At first, I briefly thought this post should go to "Media" or possibly "Investing" but the span of wrong and misleading statements, I almost wish there were a "Bald Faced Liars" forum. Regardless, it is a useful review of likely FUD we'll find in real life. Being prepared with facts and data makes you the bar chat winner:





This video highlights how financial 'analysts' are abysmally ignorant about the technology and not much more about investment and finances. My favorite example, the video was released on February 22 when TSLA closed at $913 February 21 with a market capitalization greater than everyone but Toyota.

Bob Wilson


----------



## NR4P (Jul 14, 2018)

I looked at only the first 10 mins due to my time constraint and believe it to be fair in general. A story such as this designed for a one hour TV segment may have taken more than 3 months to produce and edit before release. To find fault because of a 1 day release of stock price high and published on the air it not controllable unless it is live TV.

The oil industry and many in Washington are spending more to convince people that EV's are worse than ICE vehicles for pollution. And another lie, Tesla gets handouts from the government to help them. How soon they forget the government rescue of GM and don't understand the buyer tax credits were given to Toyota years ago.

Also, about a week ago NBC ran a decent segment on the Mustang EV. Seemed to be very Ford focused. However I was disappointed when the tag that Telsa is not yet profitable was stated on air. With that only a week or two after Tesla announced full year profitability is disappointing but that story and voice overs were completed a number of weeks ago.

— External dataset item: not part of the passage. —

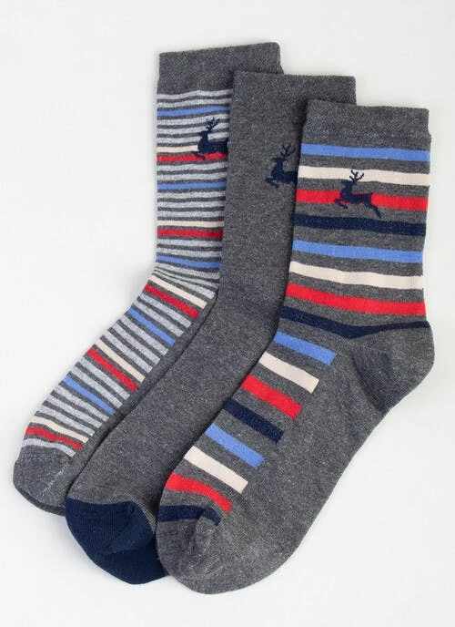 This box of cotton rich socks by James Pringle makes a lovely gift. It includes three designs featuring a stag and a stripe design. Perfect for the country gent.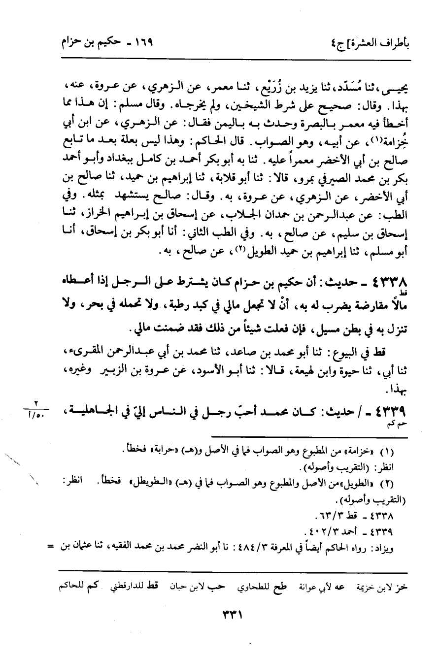 -[332]- فَلَمَّا تَنَبَّأَ وَخَرَجَ إِلَى الْمَدِينَةِ شَهِدَ حَكِيمُ بْنُ حِزَامٍ الْمَوْسِمَ وَهُوَ كَافِرٌ، فَوَجَدَ حُلَّةً لِذِي يَزِنَ تُبَاعُ، فَاشْتَرَاهَا بِخَمْسِينَ دِينَارًا لِيُهْدِيَهَا لِرَسُولِ اللَّهِ صَلَّى اللَّهُ عَلَيْهِ وَسَلَّمَ، فَقَدِمَ بِهَا عَلَيْهِ الْمَدِينَةَ فَأَرَادَهُ عَلَى قَبْضِهَا هَدِيَّةً فَأَبَى. . . " الْحَدِيثَ. أَحْمَدُ: ثنا عَتَّابُ بْنُ زِيَادٍ، أنا عَبْدُ اللَّهِ، أنا لَيْثُ بْنُ سَعْدٍ، حَدَّثَنِي عَبْدُ اللَّهِ بْنُ الْمُغِيرَةِ، عَنْ عِرَاكِ بْنِ مَالِكٍ، عَنْ حَكِيمِ بْنِ حِزَامٍ، قَالَ. . . فَذَكَرَهُ.

Until Tesla decides to counter with some advertising which they don't need to do for orders currently, its up to all of us to communicate the latest information.


----------



## Dr. J (Sep 1, 2017)

NR4P said:


> only a week or two after Tesla announced full year profitability


https://www.theverge.com/2020/1/29/21113987/tesla-q4-2019-earnings-results-profit-revenue-model-3

"Tesla still didn't turn an annual profit - in fact, it lost $862 million in 2019. But that was better than the $1 billion loss the company posted in 2018. The company pulled down a $105 million profit in the fourth quarter, ..."


----------



## JasonF (Oct 26, 2018)

I believe there's some financial guideline that a company isn't considered "profitable" until it produces a profit for 4 consecutive quarters.


----------



## Feathermerchant (Sep 17, 2018)

I like how they say that selling EVs is not profitable. Well they sell GASV's for at or below cost and make profits on parts and service. (think inkjet printers) So sure EVs will cost more. But service will be less.
Few seem to understand this.

Selling GASV's ad a discount and making it up on parts and service creates a barrier to new entries into the market. Making it difficult for innovation to happen. New entries don't have a fleet they are servicing to provide profits or at least income.
But another barrier it creates is when a better product comes along, existing OEMs are put at a disadvantage due to their business/dealer model, and the tremendous amount of capital required to change. This does not even count the corporate inertia. In the Video, they play Ford saying that your business self would not do this (take capital risks). Sure, because the share holders insist on return, return and more return without thinking long term or thinking about what is right for their own customers. Killing off your customers is not good for business in the long run.


----------